== RECORDS ==
____
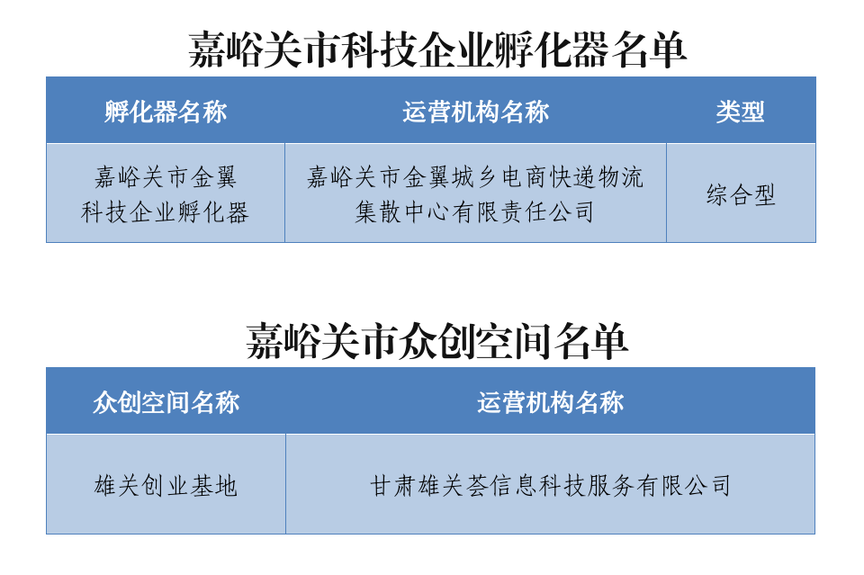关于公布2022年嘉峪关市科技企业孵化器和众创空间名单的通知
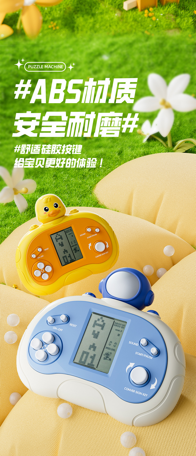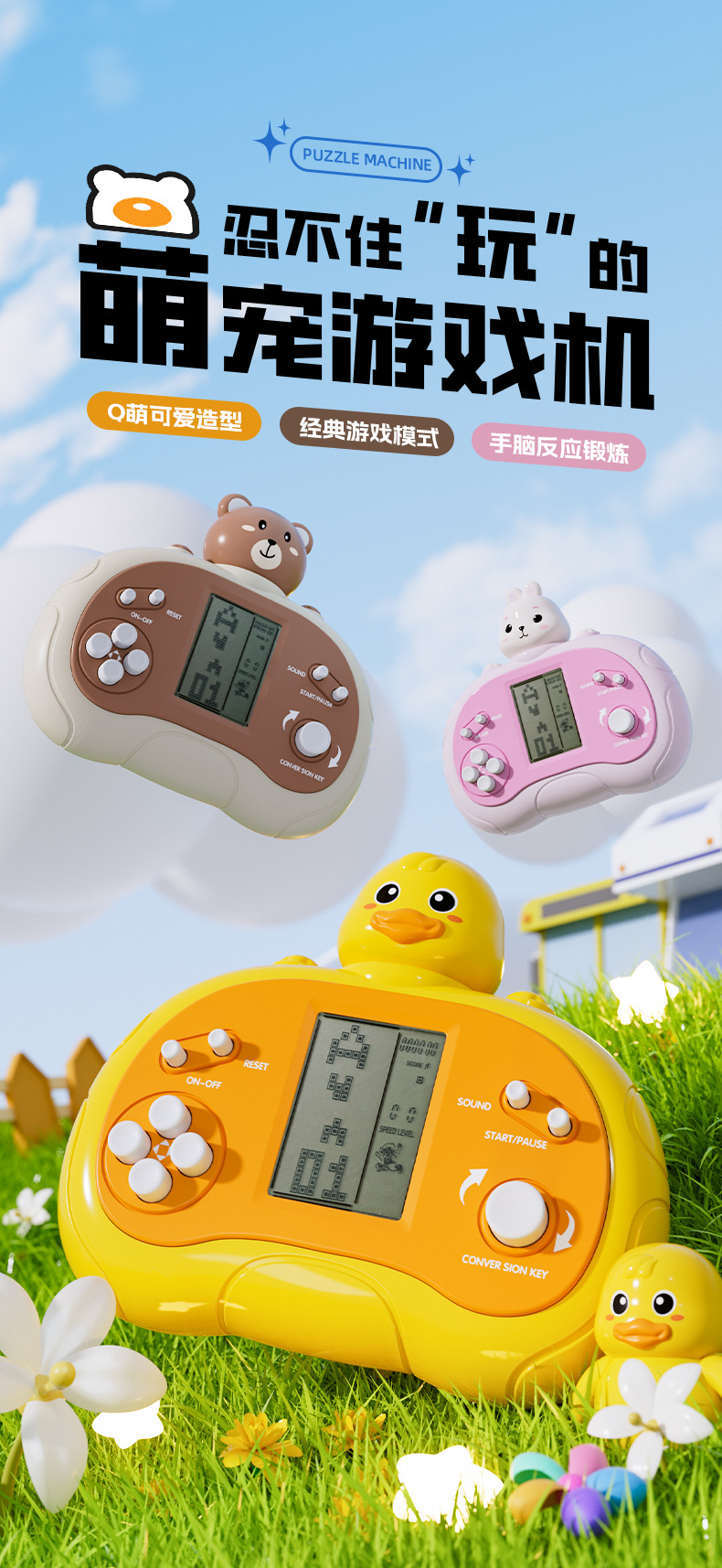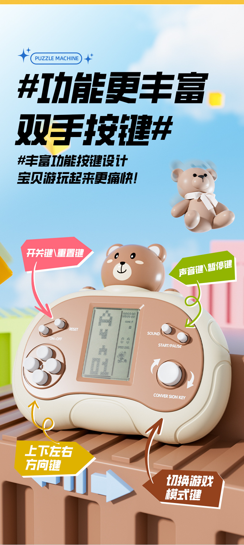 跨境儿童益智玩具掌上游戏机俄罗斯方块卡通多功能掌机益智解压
____
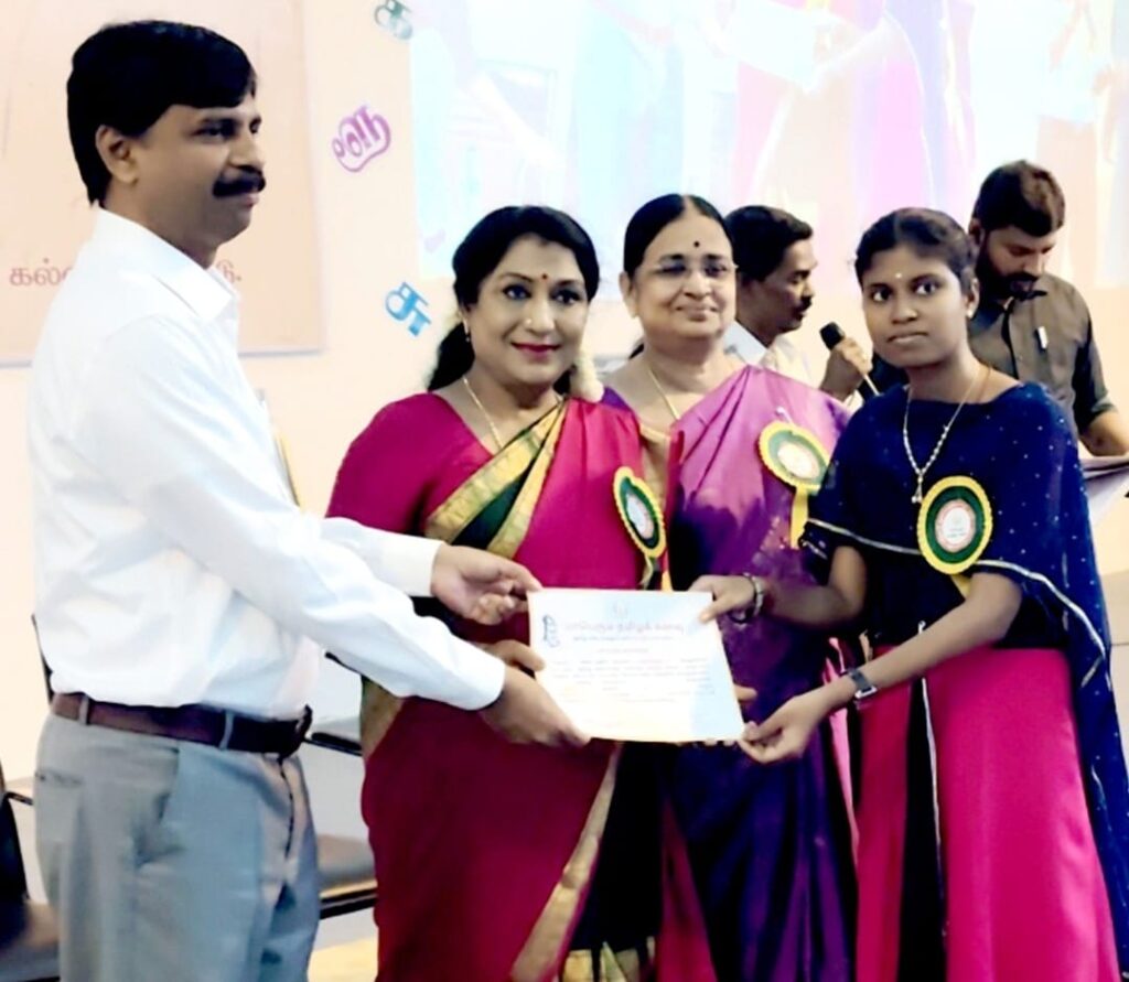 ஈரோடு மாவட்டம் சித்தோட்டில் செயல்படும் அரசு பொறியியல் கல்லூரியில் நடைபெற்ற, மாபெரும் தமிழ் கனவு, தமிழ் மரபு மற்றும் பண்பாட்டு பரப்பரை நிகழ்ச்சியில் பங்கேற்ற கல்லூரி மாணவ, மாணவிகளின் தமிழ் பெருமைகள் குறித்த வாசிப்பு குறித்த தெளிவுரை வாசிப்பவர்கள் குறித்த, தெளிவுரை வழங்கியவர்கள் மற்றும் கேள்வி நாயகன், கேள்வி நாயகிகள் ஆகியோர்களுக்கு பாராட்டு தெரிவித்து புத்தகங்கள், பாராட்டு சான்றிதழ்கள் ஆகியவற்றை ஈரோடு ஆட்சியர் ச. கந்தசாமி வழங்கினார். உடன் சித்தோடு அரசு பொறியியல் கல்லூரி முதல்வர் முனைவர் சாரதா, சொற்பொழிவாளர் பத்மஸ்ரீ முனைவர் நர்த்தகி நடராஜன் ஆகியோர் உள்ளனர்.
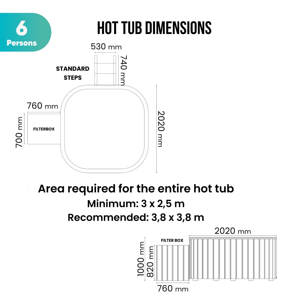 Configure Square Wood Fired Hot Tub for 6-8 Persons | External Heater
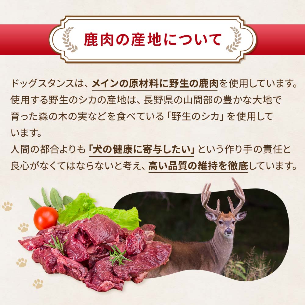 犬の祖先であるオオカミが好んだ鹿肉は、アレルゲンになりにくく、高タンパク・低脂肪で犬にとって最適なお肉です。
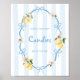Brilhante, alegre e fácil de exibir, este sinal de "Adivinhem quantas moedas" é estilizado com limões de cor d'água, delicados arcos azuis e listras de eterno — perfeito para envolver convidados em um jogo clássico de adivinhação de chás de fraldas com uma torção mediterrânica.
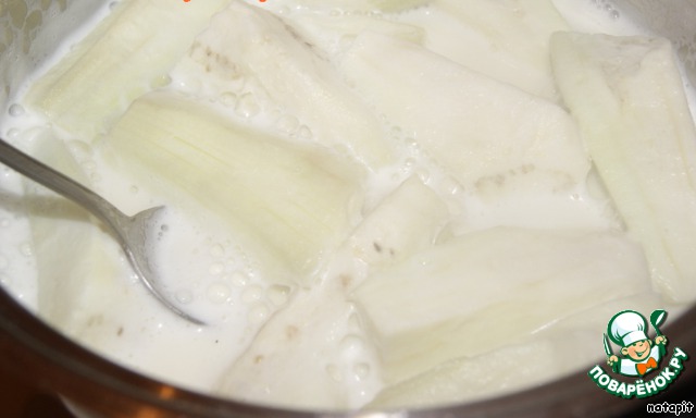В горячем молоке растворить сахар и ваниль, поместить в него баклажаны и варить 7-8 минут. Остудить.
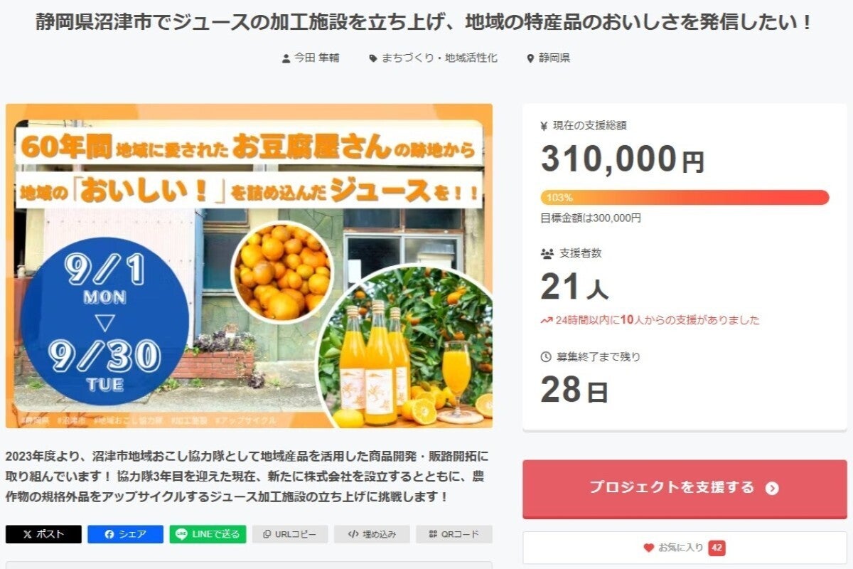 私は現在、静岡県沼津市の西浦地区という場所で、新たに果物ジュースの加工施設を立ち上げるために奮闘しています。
____
== ASSIGNED TASK ==
Each line from the one that contains "关于公布2022年嘉峪关市科技企业孵化器和众创空间名单的通知" down to the one that contains "跨境儿童益智玩具掌上游戏机俄罗斯方块卡通多功能掌机益智解压" is to be returned exactly as it stands above, both ends included, with pictures removed.

== RESPONSE AREA ==
关于公布2022年嘉峪关市科技企业孵化器和众创空间名单的通知
 跨境儿童益智玩具掌上游戏机俄罗斯方块卡通多功能掌机益智解压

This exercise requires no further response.